Cependant j’essayais de réfléchir. L’opinion du capitaine Haralan était difficilement soutenable. Il n’était pas admissible que Wilhelm Storitz eût réussi à s’introduire dans l’hôtel, malgré les précautions prises. Évidemment, il était à la rigueur concevable qu’il eût profité du désordre inévitable que cause un départ. Mais il aurait fallu pour cela qu’il se tînt à l’affût en guettant le moment propice, et qu’il opérât avec une rapidité prodigieuse.

D’ailleurs, même en acceptant toutes ces hypothèses, un enlèvement demeurait inexplicable. Je n’avais pas, en effet, quitté la porte de la galerie devant laquelle stationnait la berline. Comment Myra aurait-elle pu franchir cette porte pour gagner celle du jardin sans être vue de moi ? Wilhelm Storitz invisible, soit ! Mais elle ?…

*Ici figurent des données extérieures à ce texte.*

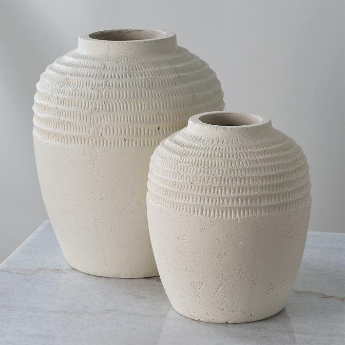 Elegant, yet rustic, these chalky white finished ceramic vases bring an artisinal touch to any space. Perfect for displaying florals or standing alone as a statement piece. Sizes: S-9x11x9, L-12x14x12
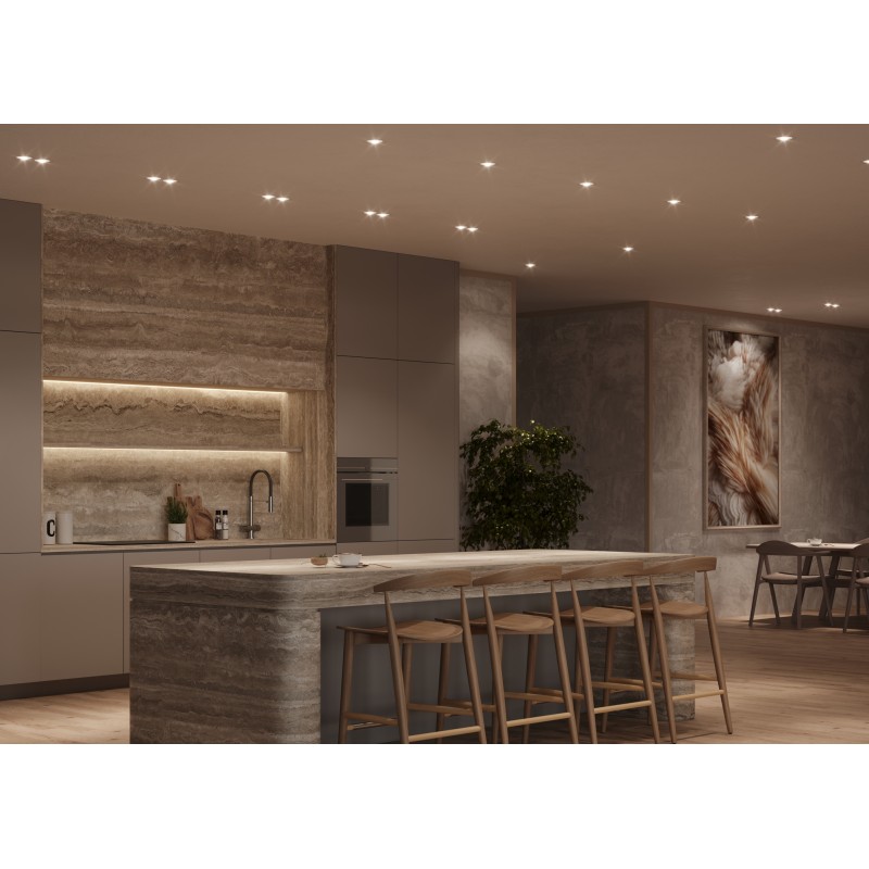 Предназначен для установки в натяжной ПВХ потолок. Состоит из основания, термокольца и цоколя GX53. Основание и цоколь выполнены из термостойкого и ударопрочного АВС пластика. Монтаж производится методом втяжки. Конструкция светильника позволяет легко стыковать между собой несколько оснований, благодаря чему можно создавать комбинации из нескольких светильников.

Je redescendis dans la galerie et j’appelai le domestique. La porte du jardin donnant sur le boulevard Tékéli fut fermée à double tour, et j’en retirai la clef. Puis la maison tout entière, les combles, les caves, les annexes, la tour jusqu’à la terrasse, je la parcourus en ne laissant pas un coin inexploré. Après la maison, ce fut le jardin…

Je ne trouvai personne.

Je revins près de Marc. Mon pauvre frère pleurait à chaudes larmes, il éclatait en sanglots.

Prévenir le Chef de la Police était la première chose à faire, à mon avis.